Many people were taught to avoid conflict at all cost, especially with those they love and cherish. They cling to the mistaken notion that problems and disagreements are always destructive. They keep their mouths shut and suffer in silence. Withholding their true feelings drains passion and soon they are less interested in talking, having sex, or doing much of anything with the other.
The volcano eventually erupts and now they are fighting with fury, highlighting every perceived flaw and hurling insults with such contempt that heads spin. Withdrawal leads to fighting and fighting leads to withdrawal. The cycle continues and the wall between them grows higher and thicker.
But conflict can actually be an opportunity for increased intimacy. It is often a signal that one or both partners are feeling insecure because a need, hope, or dream is not being met in the relationship. Learning effective strategies for coping with conflict can help you feel more relaxed and safe, and serve as a tool for learning more about yourself and your partner. Based on the current relationship research, here are three strategies I recommend.
1. Stop hoping that problems will disappear and instead accept their inevitable return.
Psychologist Dan Wile reminds us that "There is value, when choosing a long-term partner, in realizing that you will be choosing, along with that person, a particular set of irresolvable problems that you'll be grappling with for the next ten, twenty, or even fifty years."
I know. Sounds depressing. The point is that after an argument many people fantasize that life would be easier if they were with someone else. Yet breaking up and starting a new relationship usually means just exchanging the old set of problems for a new set. Most couples have a handful of perpetual problems - issues that occur again and again despite valiant efforts to find solutions.
It's human nature to want to fix things, but some differences persist. Sometimes the goal should be conflict "regulation" rather than conflict "resolution." You may not be able to prevent the problem from occurring again, but you can reduce its intensity. You can also use it as a clue to unexpressed emotions in the relationship. Sometimes "you never help with the laundry" really means "I feel disconnected and lonely."
2. Talk about problems when they are not happening instead of just when they are.
This may seem counterintuitive because the last thing you want to do is start a fight when things are going well. But during a fight people become flooded with emotions. Adrenaline, noradrenalin, and cortisol are released into the bloodstream and the one you love is perceived as enemy number one and a threat to safety. Thinking becomes chemically distorted. Fears become physiologically exaggerated. The hypothalamus fires a sequence of nerve cells and the rational mind gets bypassed. Old resentments resurface. You overreact to every comment and enter attack and destroy mode. You are operating from fear rather than from love.
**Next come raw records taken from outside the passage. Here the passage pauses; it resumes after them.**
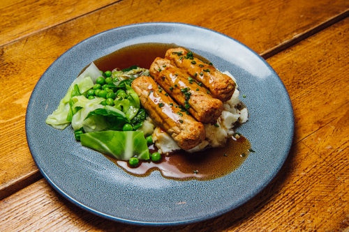 Veggie Sausage with Cabbage, Peas, Mustard Mash and Gravy
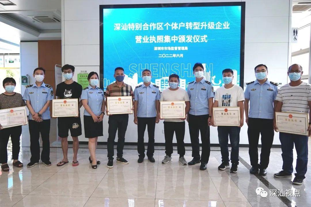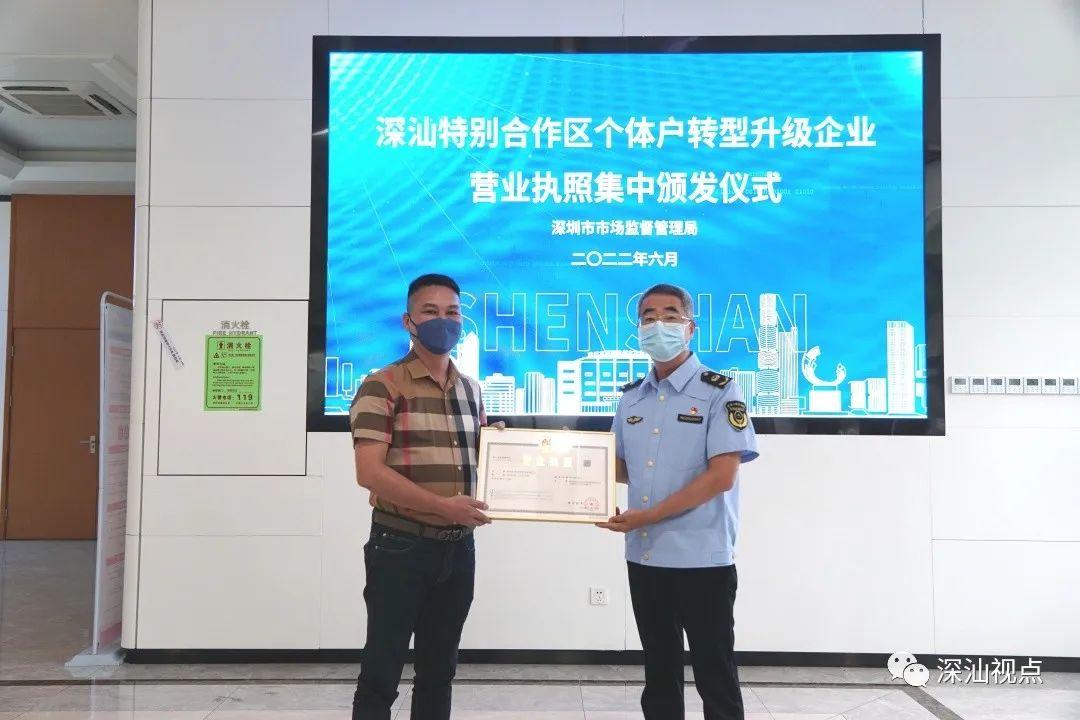 近日,深汕特别合作区首批个体户转型升级企业营业执照集中颁发仪式在区行政服务大厅举行。今年以来,为加快培育壮大市场主体,激发市场活力,深汕特别合作区积极推进“个转企”培育工作,引导个体工商户转型升级为企业,促进市场主体高质量发展。
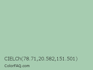 CIELCh 78.71,20.582,151.501 Color is a light green color and the nearest color is Spring Rain #accbb1. Hex code #a6ccb0 and RGB value is rgb(166,204,176). In RGB color space, this color is composed of 65% red, 80% green, 69% blue, In CMYK color space, this color is composed of 19% cyan, 0% magenta, 14% yellow , 20% black , In HSL color space, this color has a hue angle of 136° , 27% saturation and 73% lightness.
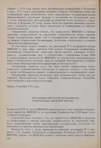 16-я сессия Генеральной конференции ЮНЕСКО, 1970 год. Об участии ЮНЕСКО в подготовке к Совещанию по безопасности и сотрудничеству в Европе (обмен нотами).1971-1972 годы. Нота Комиссии СССР по делам ЮНЕСКО Генеральному директору ЮНЕСКО
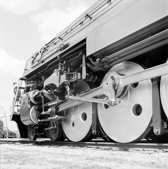[Wheels of the Coronation Scot train on display at the New York World's Fair.]
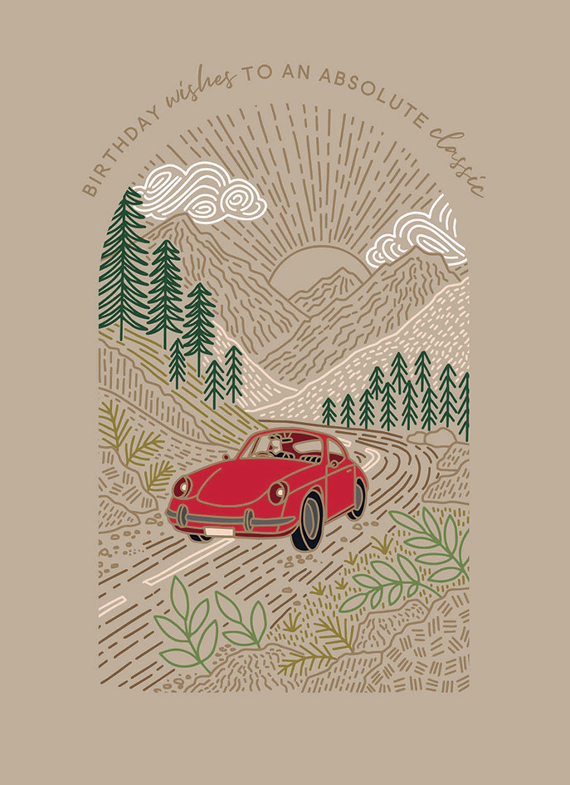 Celebrate a true original with this retro-inspired birthday card from Claire Wilson's distinctive nine-card collection. Featuring a vintage red sports car winding through a scenic mountain pass under a rising sun, this bold design delivers the message: 'Birthday wishes to an absolute classic.'
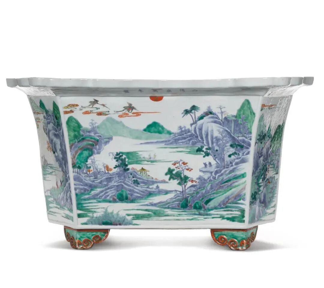 收藏界一直流传一句话“一粉彩顶三青花”,这也彰显粉彩瓷器受全球藏友喜爱的程度,本轮欧洲艺术周清雍正 粉彩过墙蝶恋花纹大盘以逾最低估价2.65倍26.5万英镑成交,清乾隆粉彩过枝秋水芙蓉蜻蜓图盘更是逾最低估价4倍24万英镑成交,再次验证粉彩瓷在艺术市场中的潜力。斗彩在拍场也是大家争夺的佳瓷,本轮欧洲亚洲艺术周法国私人旧藏的清康熙 斗彩山水人物图六方折沿花盆,这件完美呈现清代瓷器工艺成熟时期之作,以逾最低估价2倍的价格15.12万英镑喜人成交。五彩瓷在拍场也是大热门之一,2020年保利十五周年拍卖会上拍的清康熙五彩十二月神花神杯便曾以1.32825亿元人民币天价成交。本轮亚洲艺术周清康熙五彩桃花花神杯亦表现不俗,以逾最低估价3倍的价格6.3万英镑成交,此外清雍正 珊瑚红地五彩九秋同庆纹碗,寓意吉祥,也以15.1万英镑成交。亚洲艺术品专场
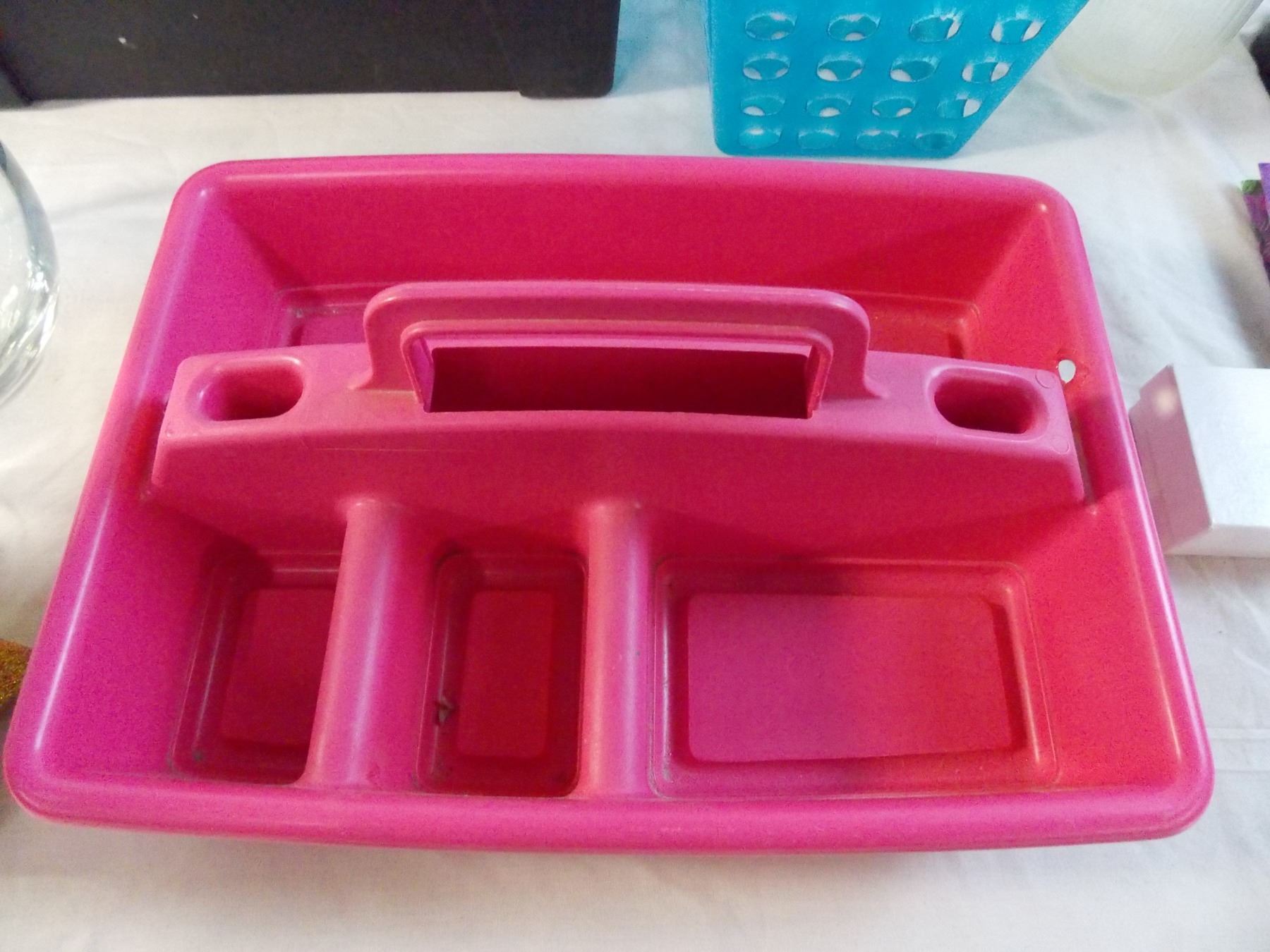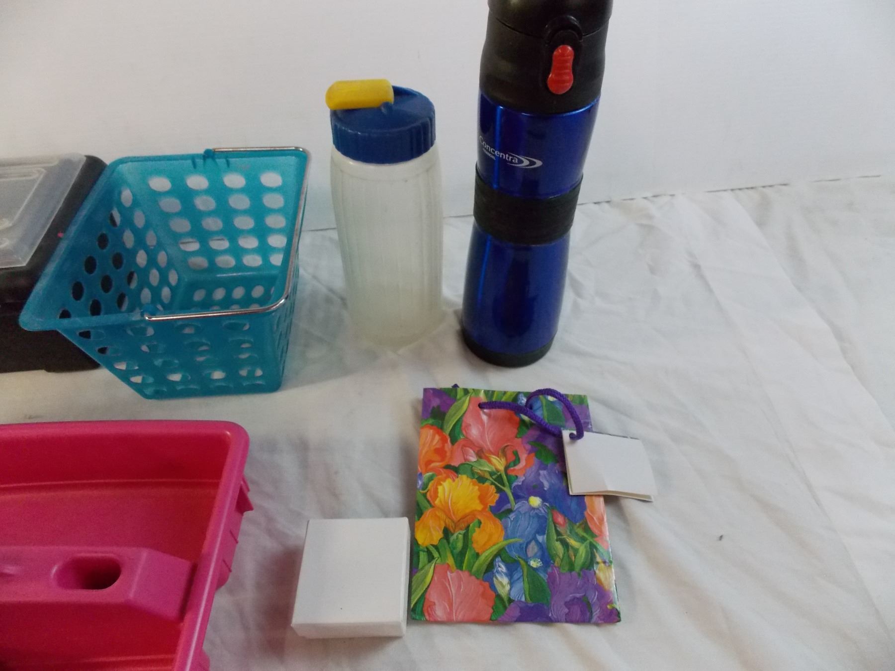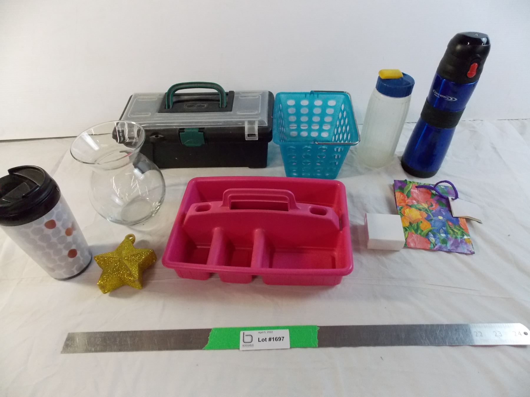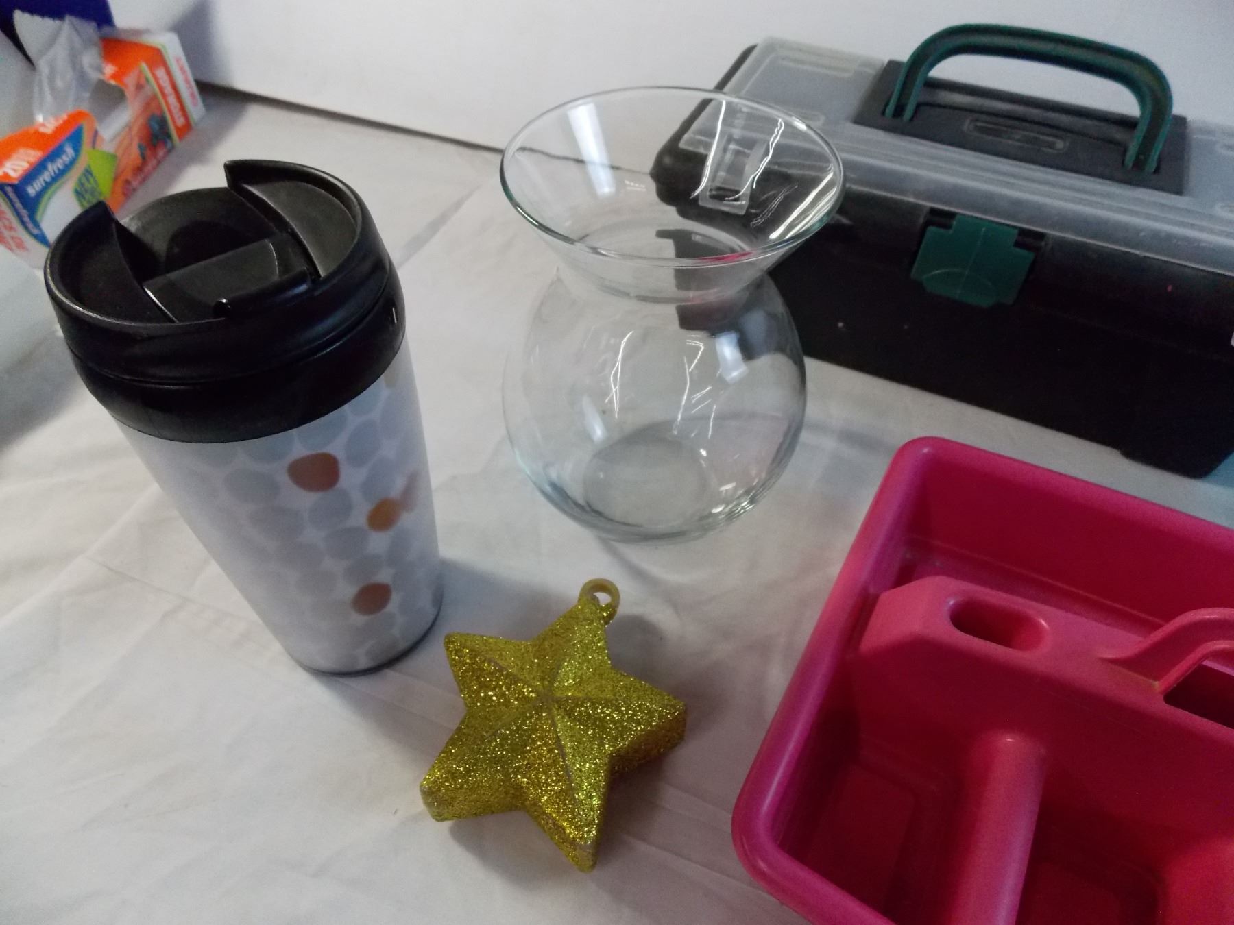 Various household containers, glass vase, misc

Instead, try starting a conversation about the problem when things are more calm and friendly. Open the conversation with soft and conciliatory language rather than words that are accusatory. Some of the classic communication rules apply here: focus on "I" rather than "you" statements; minimize interrupting; avoid absolutes such as "always' and "never;" summarize and paraphrase what you are hearing (especially feelings); and keep the conversation focused on one topic at a time. While such an approach does not guarantee a successful conversation, it does increase the odds since defenses are generally lower and the heart is more open to understanding the other's perspective.
3. Notice when the problem is not a problem and catch your partner getting it right.
Although it can seem like your partner "never" does _______ (insert something you like), or "always" does _______ (insert something you don't like), such is rarely the case. It is more likely that your partner does do the things you appreciate, at least on occasion, but that you have become stuck in your own resentment and don't notice.
Try this exercise for one week: First, think of the thing that irritates you most about your partner (something you believe they do or don't do). Second, try to catch your partner getting it right (notice the moments when your partner behaves in the way you desire). Finally, express your gratitude and name for your partner the behavior that you appreciate.
For example, let's say that one of your frequent complaints is feeling ignored. For one week, try noticing the times when your partner is attentive (even if they are inattentive at other times). Then, express what you notice by saying something like "The way you are holding eye contact with me right now feels good. I feel really heard and understood."
Positive acknowledgements tend to result in more of the behavior that you seek. Even if your partner doesn't change, your view of them probably will and a growing body of research concludes that the mutual expression of appreciation is common practice within healthy and resilient love relationships.
I hope these three strategies help you think and talk about your relationship problems in a more effective way. Good luck!